Top of Data to use

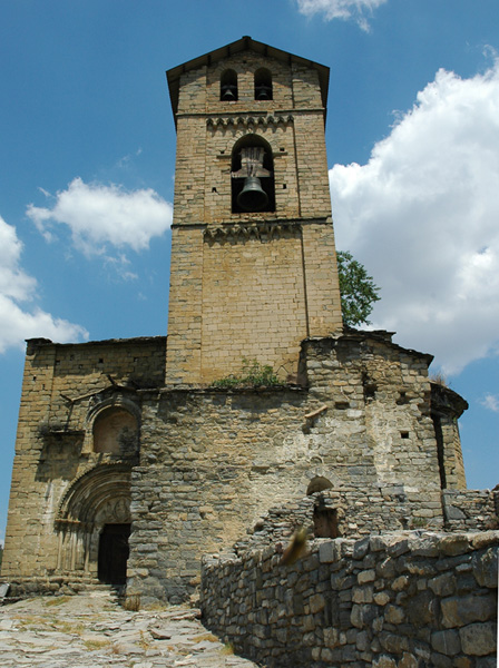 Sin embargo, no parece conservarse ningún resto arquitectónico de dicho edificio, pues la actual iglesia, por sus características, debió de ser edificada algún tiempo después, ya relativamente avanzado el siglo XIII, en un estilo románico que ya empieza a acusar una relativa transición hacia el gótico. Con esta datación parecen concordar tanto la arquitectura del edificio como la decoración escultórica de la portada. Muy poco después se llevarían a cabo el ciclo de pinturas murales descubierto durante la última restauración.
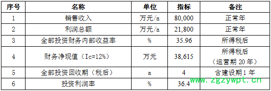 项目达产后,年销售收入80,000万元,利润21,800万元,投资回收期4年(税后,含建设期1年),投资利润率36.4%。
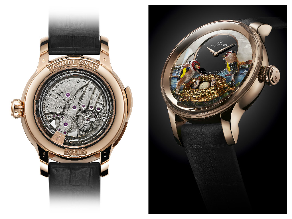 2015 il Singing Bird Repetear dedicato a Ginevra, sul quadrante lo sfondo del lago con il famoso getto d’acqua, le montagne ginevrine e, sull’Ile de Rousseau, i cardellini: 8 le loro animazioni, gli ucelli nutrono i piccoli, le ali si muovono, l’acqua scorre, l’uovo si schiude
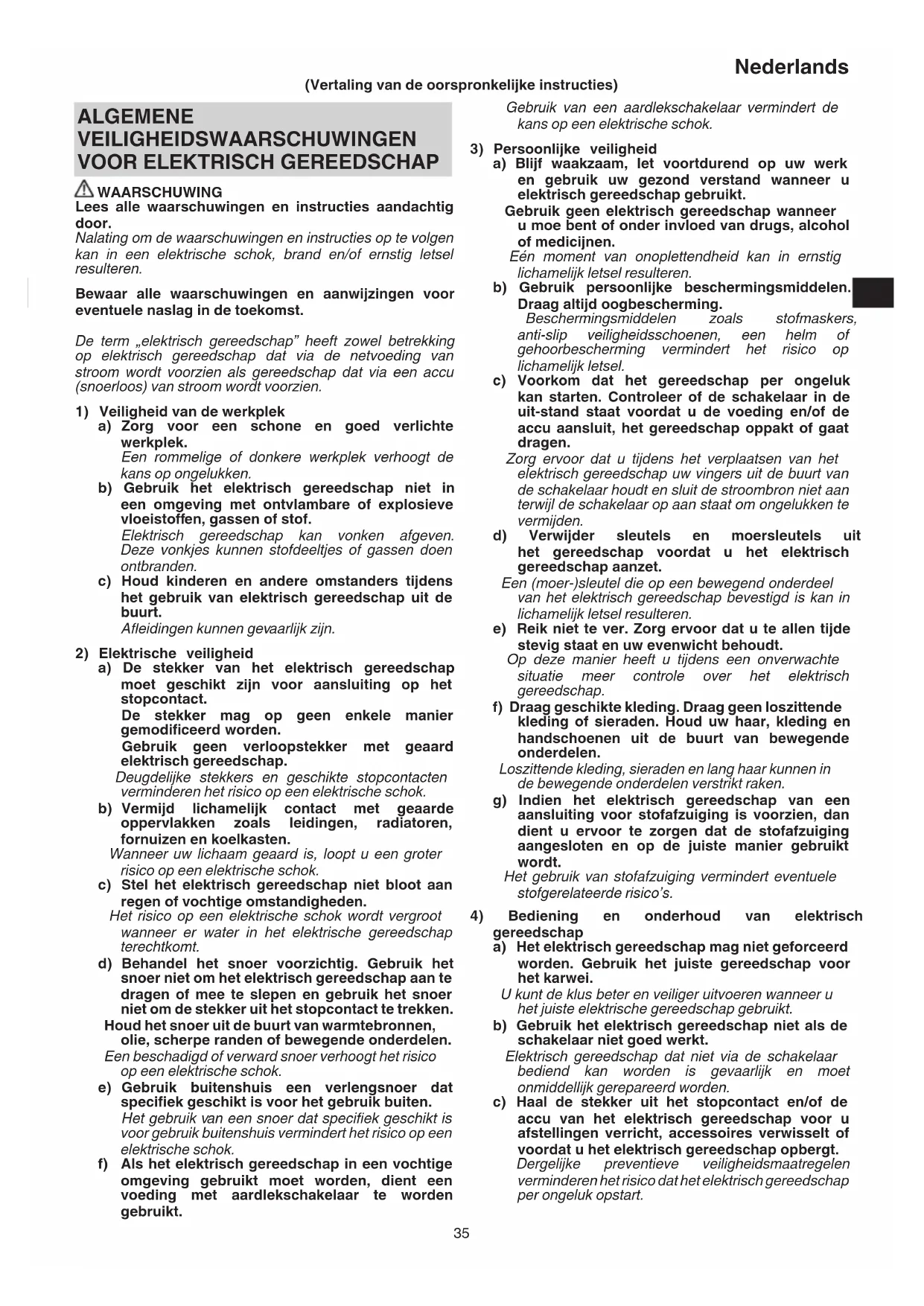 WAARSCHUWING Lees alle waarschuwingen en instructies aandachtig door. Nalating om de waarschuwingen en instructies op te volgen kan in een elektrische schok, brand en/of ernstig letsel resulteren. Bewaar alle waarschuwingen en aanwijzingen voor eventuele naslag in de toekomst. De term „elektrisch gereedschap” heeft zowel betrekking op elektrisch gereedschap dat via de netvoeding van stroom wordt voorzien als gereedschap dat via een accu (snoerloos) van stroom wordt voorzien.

Bottom of Data to use
Top of Data to use

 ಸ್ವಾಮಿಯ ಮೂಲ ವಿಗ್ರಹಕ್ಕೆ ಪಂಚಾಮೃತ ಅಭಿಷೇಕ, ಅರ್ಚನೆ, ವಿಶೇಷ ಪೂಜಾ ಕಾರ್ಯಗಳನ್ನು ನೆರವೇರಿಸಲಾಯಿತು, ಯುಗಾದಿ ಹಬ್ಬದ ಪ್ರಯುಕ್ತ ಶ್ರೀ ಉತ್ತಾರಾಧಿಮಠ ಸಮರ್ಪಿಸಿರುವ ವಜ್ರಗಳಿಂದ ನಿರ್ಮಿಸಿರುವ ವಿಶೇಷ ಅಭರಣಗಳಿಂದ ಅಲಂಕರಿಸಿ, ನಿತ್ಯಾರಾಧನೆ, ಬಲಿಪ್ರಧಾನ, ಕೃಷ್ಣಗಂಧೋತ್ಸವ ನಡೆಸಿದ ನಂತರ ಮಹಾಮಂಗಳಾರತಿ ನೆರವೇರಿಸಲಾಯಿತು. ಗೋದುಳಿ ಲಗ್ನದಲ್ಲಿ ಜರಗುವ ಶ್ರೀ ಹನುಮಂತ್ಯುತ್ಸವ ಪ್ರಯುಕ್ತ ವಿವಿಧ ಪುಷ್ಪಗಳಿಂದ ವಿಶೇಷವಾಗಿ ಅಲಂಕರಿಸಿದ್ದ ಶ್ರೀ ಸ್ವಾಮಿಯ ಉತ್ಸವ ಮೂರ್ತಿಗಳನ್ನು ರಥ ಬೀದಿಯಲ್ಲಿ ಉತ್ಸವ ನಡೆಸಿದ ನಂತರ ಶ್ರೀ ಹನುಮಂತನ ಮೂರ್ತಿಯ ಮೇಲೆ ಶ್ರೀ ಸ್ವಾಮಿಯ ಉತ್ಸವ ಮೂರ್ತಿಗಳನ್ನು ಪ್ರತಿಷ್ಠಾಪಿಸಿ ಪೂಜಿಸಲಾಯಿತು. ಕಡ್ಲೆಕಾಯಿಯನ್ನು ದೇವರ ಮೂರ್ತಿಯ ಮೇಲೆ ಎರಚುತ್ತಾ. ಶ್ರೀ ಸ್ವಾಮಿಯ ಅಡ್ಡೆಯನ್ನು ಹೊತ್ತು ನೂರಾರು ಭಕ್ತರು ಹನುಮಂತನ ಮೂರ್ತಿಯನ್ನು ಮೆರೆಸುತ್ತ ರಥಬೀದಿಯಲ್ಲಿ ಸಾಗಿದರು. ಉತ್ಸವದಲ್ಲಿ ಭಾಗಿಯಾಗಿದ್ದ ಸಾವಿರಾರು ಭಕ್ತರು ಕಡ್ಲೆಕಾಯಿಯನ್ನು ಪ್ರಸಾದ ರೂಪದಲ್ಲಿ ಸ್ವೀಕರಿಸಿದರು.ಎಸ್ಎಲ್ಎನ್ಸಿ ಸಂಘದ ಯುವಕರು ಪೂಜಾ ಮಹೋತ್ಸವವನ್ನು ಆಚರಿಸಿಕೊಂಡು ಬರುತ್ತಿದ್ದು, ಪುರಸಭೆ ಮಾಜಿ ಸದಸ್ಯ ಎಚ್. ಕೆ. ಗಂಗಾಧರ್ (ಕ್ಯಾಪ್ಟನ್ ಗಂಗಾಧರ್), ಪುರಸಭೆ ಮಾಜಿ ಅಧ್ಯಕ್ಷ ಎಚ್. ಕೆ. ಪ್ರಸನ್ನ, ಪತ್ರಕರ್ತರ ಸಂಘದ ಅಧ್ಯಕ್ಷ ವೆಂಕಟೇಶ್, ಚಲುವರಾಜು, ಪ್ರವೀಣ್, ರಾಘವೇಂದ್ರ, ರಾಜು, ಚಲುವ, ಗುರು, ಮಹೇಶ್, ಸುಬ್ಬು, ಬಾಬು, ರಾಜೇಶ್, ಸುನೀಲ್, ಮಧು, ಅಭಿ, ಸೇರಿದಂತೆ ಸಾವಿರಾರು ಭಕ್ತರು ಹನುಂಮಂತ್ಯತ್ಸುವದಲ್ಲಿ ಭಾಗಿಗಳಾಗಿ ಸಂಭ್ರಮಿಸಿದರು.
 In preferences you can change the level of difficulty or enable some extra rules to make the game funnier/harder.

Bottom of Data to use

> **Task brief**: Within these entries, output exactly the lines starting at the one with "2015 il Singing" and finishing at the one with "WAARSCHUWING Lees alle". Leave pictures out of the output.

> **Exercise response**:
 2015 il Singing Bird Repetear dedicato a Ginevra, sul quadrante lo sfondo del lago con il famoso getto d’acqua, le montagne ginevrine e, sull’Ile de Rousseau, i cardellini: 8 le loro animazioni, gli ucelli nutrono i piccoli, le ali si muovono, l’acqua scorre, l’uovo si schiude
 WAARSCHUWING Lees alle waarschuwingen en instructies aandachtig door. Nalating om de waarschuwingen en instructies op te volgen kan in een elektrische schok, brand en/of ernstig letsel resulteren. Bewaar alle waarschuwingen en aanwijzingen voor eventuele naslag in de toekomst. De term „elektrisch gereedschap” heeft zowel betrekking op elektrisch gereedschap dat via de netvoeding van stroom wordt voorzien als gereedschap dat via een accu (snoerloos) van stroom wordt voorzien.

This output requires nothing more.